Bipartisan antitrust legislation intended to increase oversight of the tech industry has also stalled in the legislature. Both proposals had bipartisan support in the Senate Judiciary Committee but have stalled in the upper house since; Blumenthal wants them included in the omnibus. The Open App Markets Act, sponsored by Senators Blumenthal,

Amy Klobuchar (D-MN), and Marsha Blackburn (R-TN), seek to reduce app developers’ dependency on app stores operated by major technology corporations by allowing, for instance, Apple phone customers to obtain programs from other sources.

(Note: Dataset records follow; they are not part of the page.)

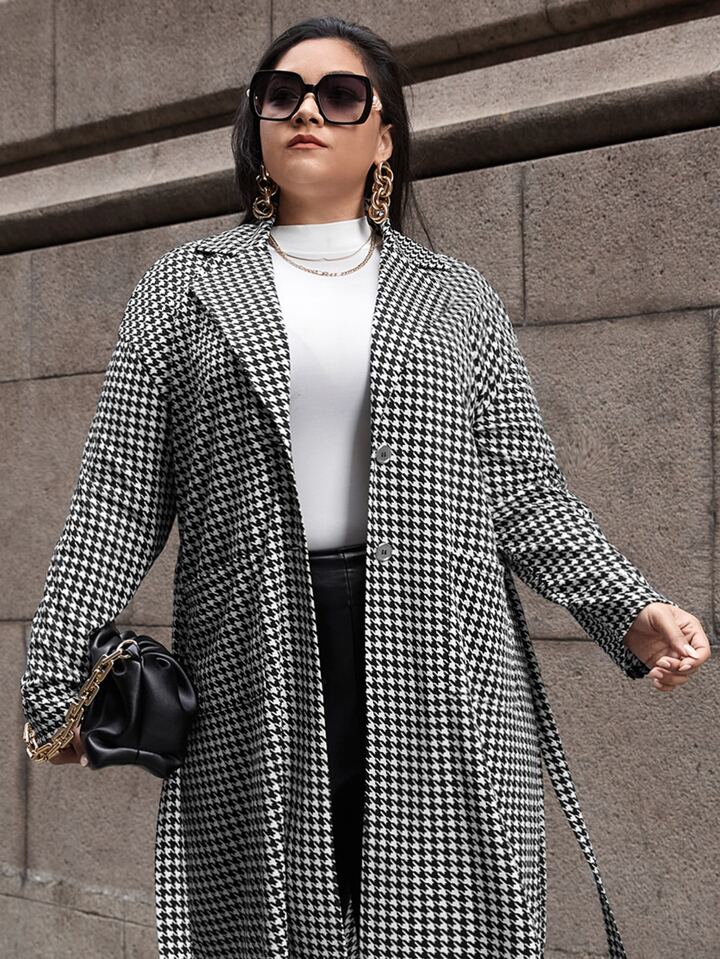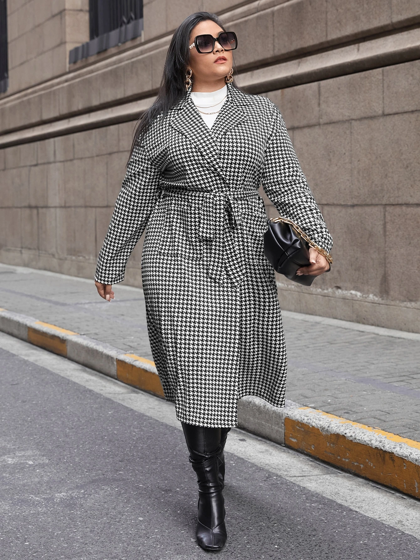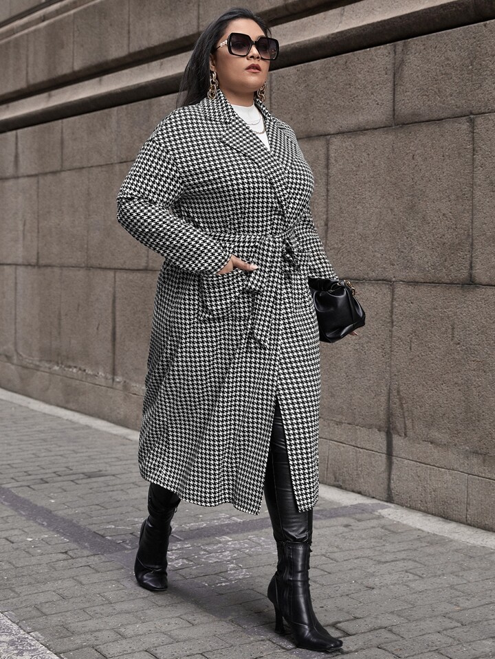 Mantel mit Hahnentritt Muster, Reverskragen und Gürtel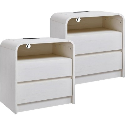 BALHAM TRADE-Nightstand Set of 2 with Charging Station 2 Drawers Storage Side for Bedroom Living White-2 18"D x 18"W x 24"H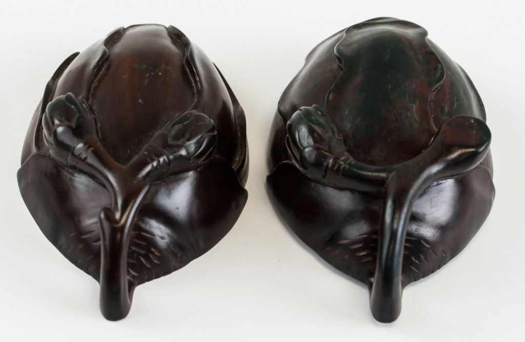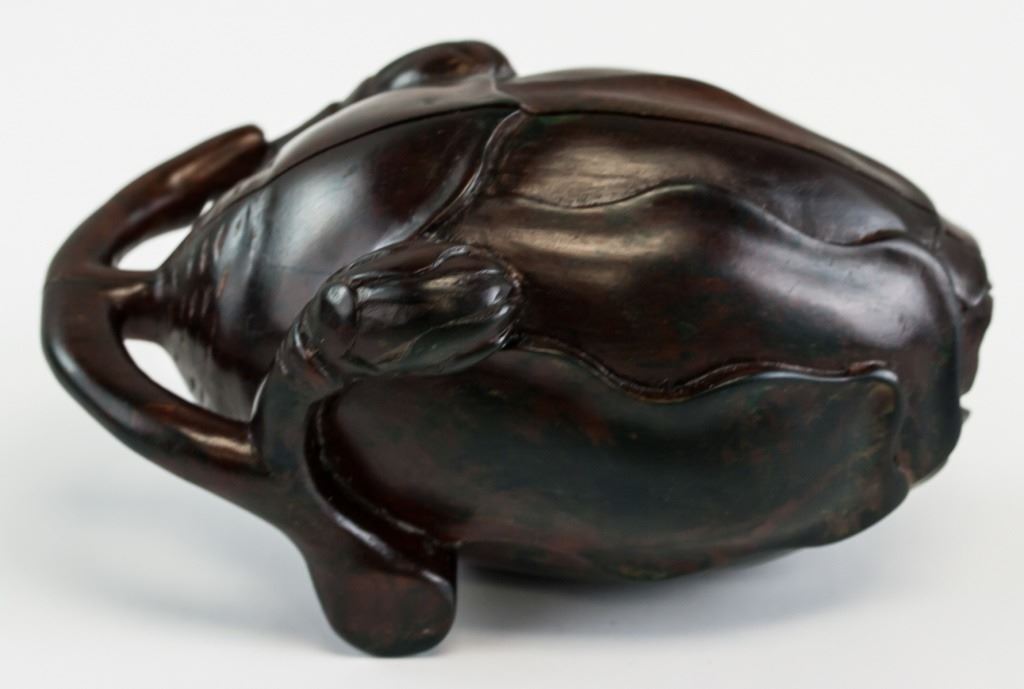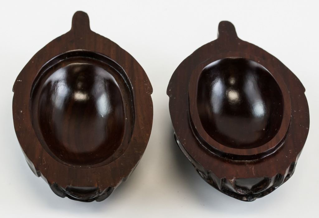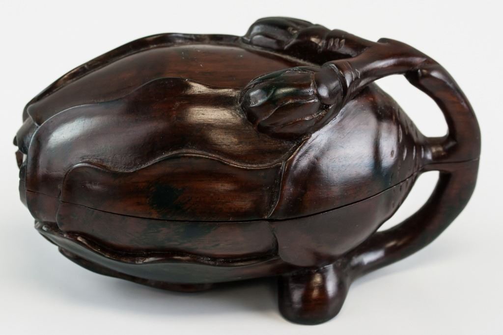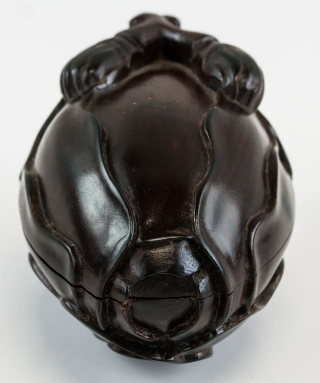 Wooden case. Of deep brown tone. Carved in flower bud shape. 7 x 12 cm. 218 grams.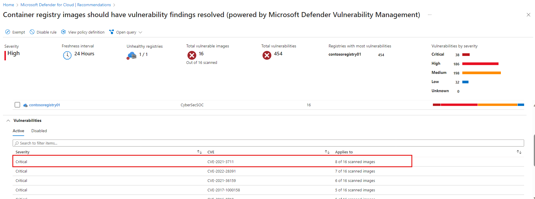 推奨事項の詳細ページには、画像に影響を与える脆弱性の一覧などの追加情報が含まれています。
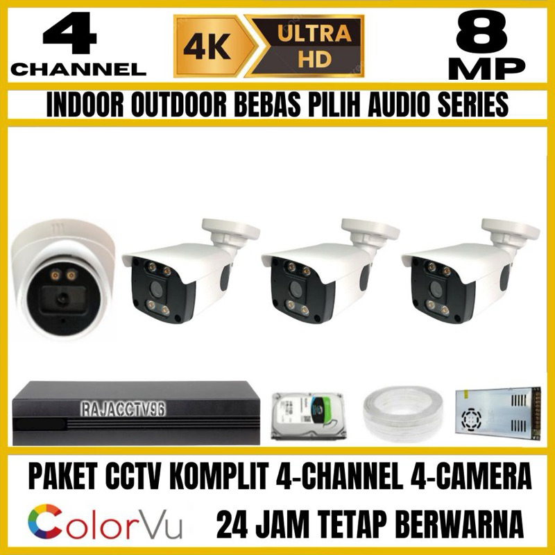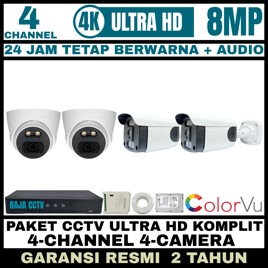 PAKET CCTV 8MP COLORVU COLORFUL 4 CHANNEL 4 KAMERA ULTRA HD 4K CAMERA AUDIO SERIES FULLCOLOR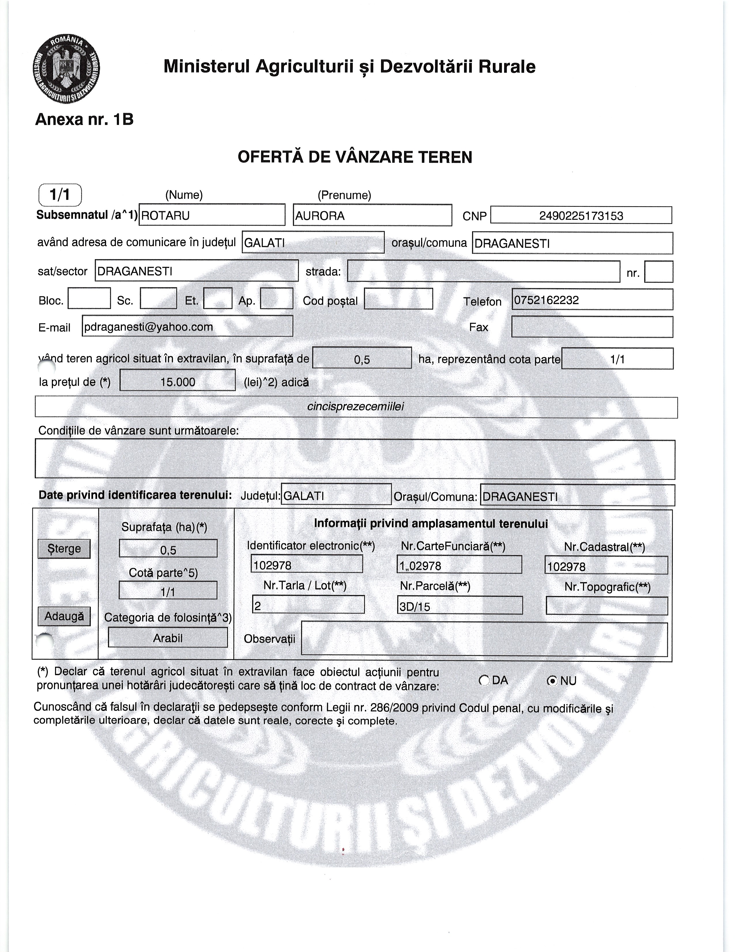 | 02.02.2026 | ROTARU AURORA | 123 | Draganesti | 0.5 HA | Oroviceanu Laura |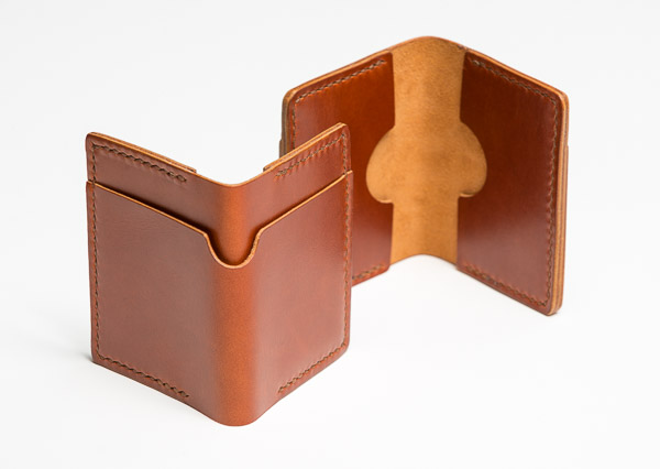 The Cohort Wallet is a bifold wallet made from world famous Horween Chromexcel leathers stitched completely by hand with a knotted saddle stitch, the strongest and longest lasting method possible. It features two interior card pockets and a full length easy access cash pocket on the exterior. Easily holds 6-8 cards and a stack of cash.
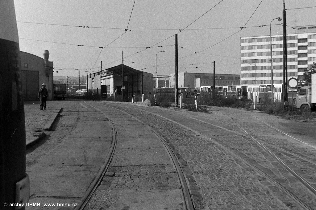 Pohled na objízdnou kolej a odstavnou plochu autobusů ve vozovně Medlánky. Ve střední části snímků je dobře viditelná původní mycí linka tramvají.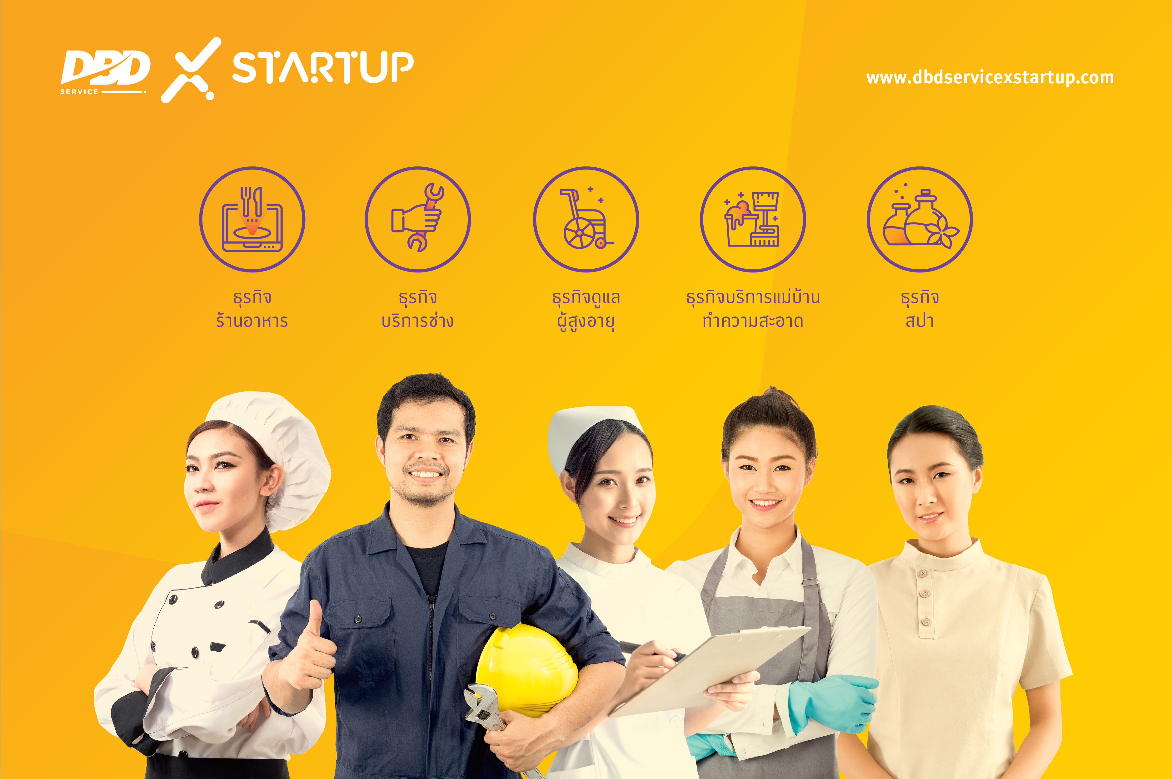 ถึงเวลาคว้าโอกาสในการยกระดับการบริการ หากผู้ให้บริการท่านใดสนใจ สามารถสมัครเข้าร่วมโครงการได้โดยไม่เสียค่าใช้จ่ายใดๆ ได้ที่ www.dbdservicexstartup.com ตั้งแต่วันนี้ – 15 มีนาคม 2562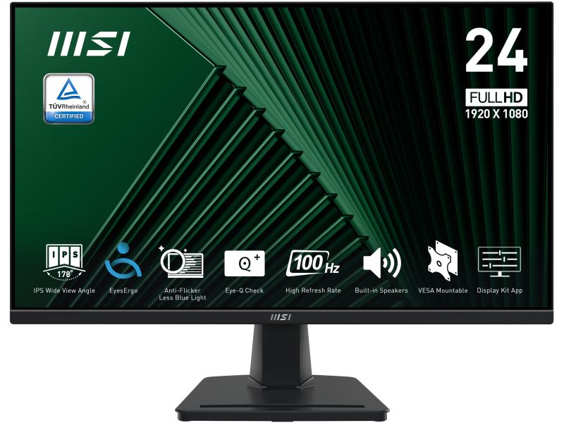 MSI Pro MP245G. Dimensioni diagonale schermo: 60,5 cm (23.8"), Risoluzione del display: 1920 x 1080 Pixel, Tipologia HD: Full HD, Tecnologia display: LCD, Tempo di risposta: 4 ms, Rapporto d'aspetto nativo: 16:9, Angolo di visualizzazione (orizzontale): 178°, Angolo di visualizzazione (verticale): 178°. Altoparlanti incorporati. Montaggio standard VESA. Colore del prodotto: Nero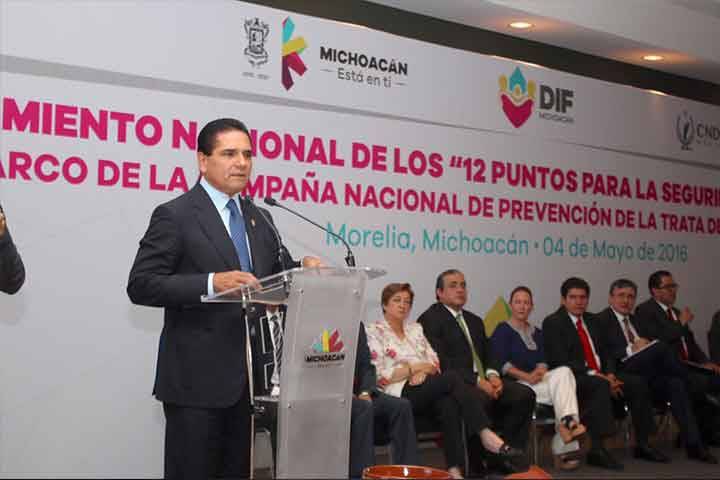 NOTICIAS 04/05/2016Lanzan en Michoacán los "12 puntos para la seguridad de tu familia"El Gobernador del Estado, Silvano Aureoles Conejo y el presidente de la Comisión Nacional de los Derechos Humanos (CNDH), Luis Raúl González Pérez, encabezaron el lanzamiento nacional en Michoacán de los "12 puntos para la seguridad de tu familia", que se enmarcan en la Campaña Nacional de Prevención de la Trata de Personas, que impulsa el organismo autónomo.

The offices of Blumenthal and Blackburn told Vox, “We are attempting to get the Open App Markets Act forward this year through all possible legislative channels.” The American Innovation and Choice Internet Act, proposed by Klobuchar and Grassley, would impose fines on major online platforms that give preference to their own services at the expense of those of their rivals.

For instance, Amazon can get criticized for favoring its own products over others on its shopping website. Antitrust legislation has been deemed important by the White House, but concerns have been raised by the IT industry that it may have unexpected consequences for data security.

White House Press Secretary Karine Jean-Pierre told reporters in November, “We are absolutely committed to moving ambitious tech antitrust legislation and we are boosting up engagement during the lame duck on the President’s priorities across the board, including antitrust.” Both proposals have sufficient Republican support, according to their sponsors,

but neither has been scheduled for a vote on the floor of the legislature. When questioned by reporters on Wednesday about why this legislation has not yet moved ahead, Blumenthal said, “Big Tech is very powerful, loaded with lobbyists and lawyers that are incredibly enthusiastic and focused.”